[edit]
FTP: A Human Pose Estimation Method Integrating Temporal and Fine-Grained Feature Fusion
Proceedings of the 16th Asian Conference on Machine Learning, PMLR 260:858-872, 2025.
Abstract
Human pose estimation is a significant research direction in the field of computer vision, with critical applications in human motion reconstruction and analysis. Currently proposed human pose estimation methods primarily focus on single-modality sensor information, such as RGB images and LiDAR point clouds. While these methods have achieved promising results within their respective domains, they remain limited by the inherent deficiencies of each modality, hindering their applicability across diverse real-world scenarios.
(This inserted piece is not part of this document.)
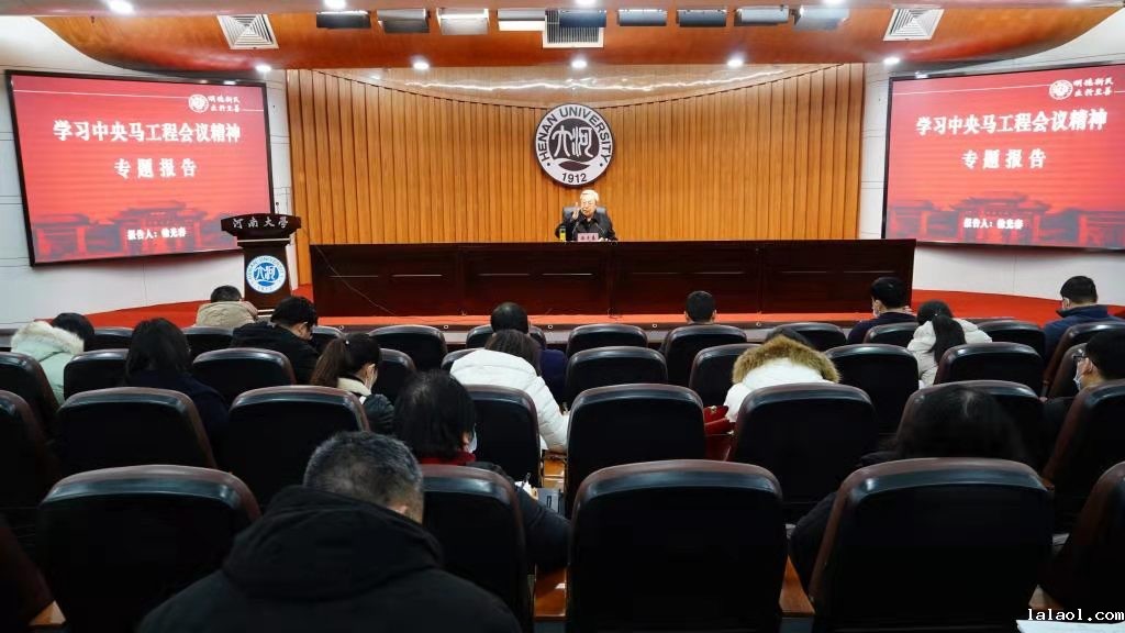 12月24日上午,中央马克思主义理论研究和建设工程咨询委员会主任、河南省委原书记、河南大学马克思主义研究院院长徐光春在河南大学金明校区行政楼249会议室作了题为“学习中央马工程会议精神”的专题报告。校党委副书记张宝明出席报告会并致辞。hth华体会体育在线app全体领导班子成员及学校师生代表聆听了报告会,会议由hth华体会体育在线app执行院长张向东主持。

With the recent introduction of numerous multi-modality human pose datasets, multi-modality approaches have begun to develop. However, existing multi-modality fusion methods mainly consider the global feature relationships between different modalities, without modeling finer-grained features or the dynamic temporal relationships between modalities. To address this issue, we propose a novel pipeline that integrates point cloud and image features, explicitly encoding fine-grained features and dynamic temporal relationships between the two modalities. Additionally, we employ a discriminator structure for semi-supervised training. Extensive experiments demonstrate that our method achieves state-of-the-art (SOTA) performance compared to previous methods.